Die Abstinenz von Leitwolf Carvajal im Vergleich dazu hingegen durchaus. Andererseits konnte der 34-Jährige in den vergangenen Wochen und Monaten keinerlei Werbung für sich machen. Nach seinem Anfang Oktober 2024 erlittenen Totalschaden im rechten Knie – Riss des vorderen Kreuzbandes, Riss des äußeren Seitenbandes, Riss der Sehne in der Kniekehle – und dem Comeback im Sommer 2025 ist Carvajal merklich nicht der Alte. Stattdessen wird er immer wieder von Verletzungen heimgesucht. Dass er in der sich dem Ende nähernden Saison auf 20 Einsätze kommt, klingt erst einmal nach viel, jedoch sammelte er dabei nur knapp unter 900 Einsatzminuten. Die Nummer 2 gehörte der Startelf in lediglich acht Pflichtspielen an.
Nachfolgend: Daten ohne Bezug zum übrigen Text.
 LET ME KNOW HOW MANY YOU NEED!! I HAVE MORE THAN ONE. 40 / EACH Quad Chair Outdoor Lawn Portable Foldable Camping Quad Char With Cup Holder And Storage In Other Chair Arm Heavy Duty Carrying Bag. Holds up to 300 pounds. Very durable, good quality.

Zu wenig, um ernsthaft für die WM in Frage zu kommen – selbst als Reservist.
Weil Trent Alexander-Arnold, Neuzugang aus dem vergangenen Sommer, auf der rechten Abwehrseite mittlerweile die erste Wahl ist, soll Carvajal sowohl mit Xabi Alonso als auch mit dessen Nachfolger Álvaro Arbeloa seine Differenzen gehabt haben – obwohl er der einzig verbliebene Profi aus der Mannschaft ist, der einst noch mit beiden zusammen auf dem Rasen gestanden hatte. Damals war sein Verhältnis zu beiden gut gewesen, gerade zu Arbeloa, für ihn eine Art Mentor auf der gleichen Position.
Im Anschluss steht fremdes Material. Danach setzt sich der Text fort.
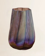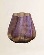 Deze elegante paarse luster vazen zijn echte blikvangers in ieder interieur. Het glanzende glas met ribbelstructuur zorgt voor een luxe uitstraling. Verkrijgbaar in 21 en 26 cm hoog, perfect voor kleinere zijden boeketten of als decoratief duo voor een stijlvolle setting.
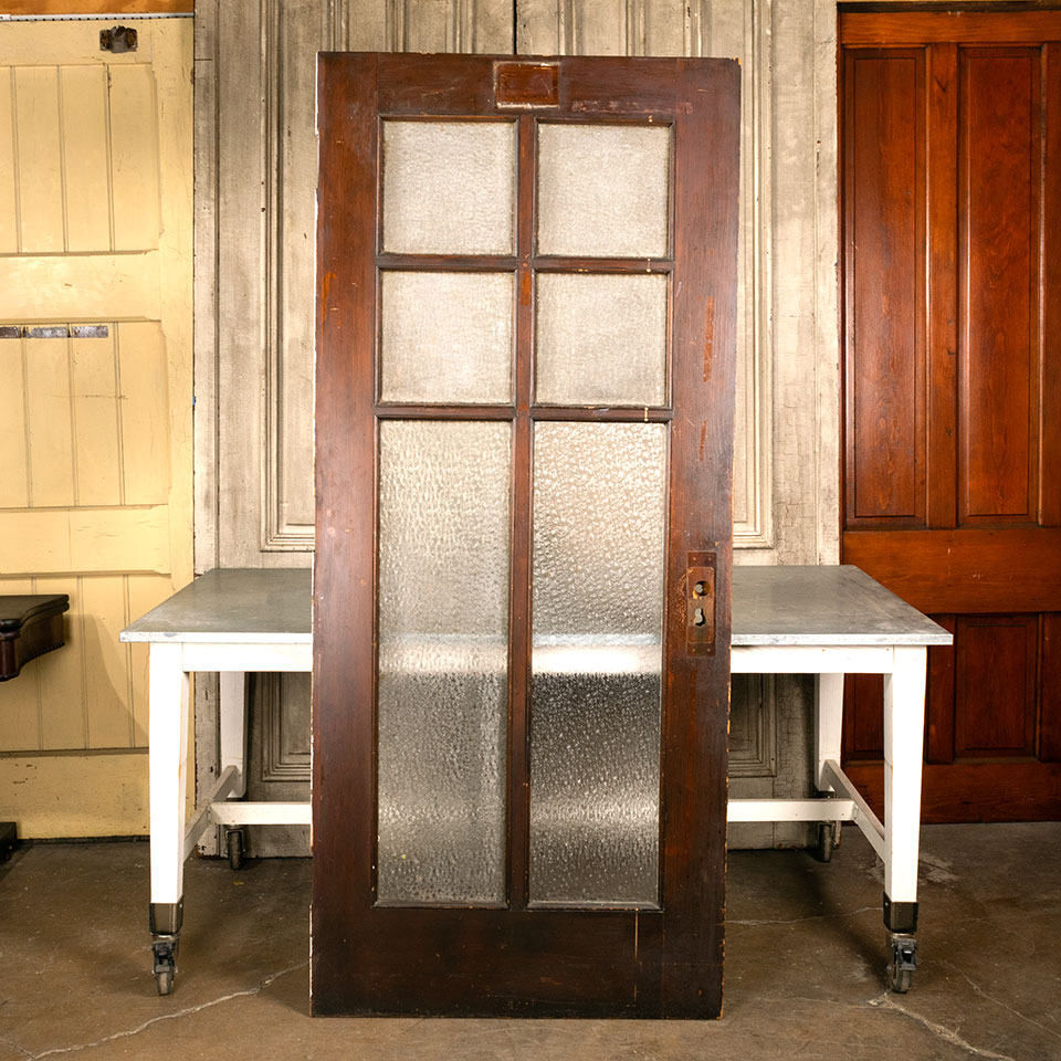 Antique architectural salvage 6 lite door with textured privacy glass measuring approx. 35 3/4" wide x 82 1/4" tall x 1 3/4" thick. See photos to evaluate condition.

Carvajal steuert nun auf einen Sommer zu, der seiner Karriere womöglich nicht gerecht wird. Sein Vertrag bei Real läuft aus, wird angesichts seiner sportlich inzwischen geringen Brauchbarkeit voraussichtlich nicht verlängert. Ziehen könnte es ihn zu Schwager Joselu nach Katar zu Al-Gharafa, dort war er in der Winterpause schon einmal zu Besuch. Abschied nehmen würde der Routinier am 23. Mai im Estadio Santiago Bernabéu gegen den Athletic Club mit dem Abschluss einer zweiten titellosen Saison in Folge – und somit inmitten einer großen Krise des Klubs. Der Mann, der als Champions-League-Triumphator, Torschütze im Finale gegen Borussia Dortmund und Europameister 2024 noch als Kandidat auf den Ballon d‘Or galt.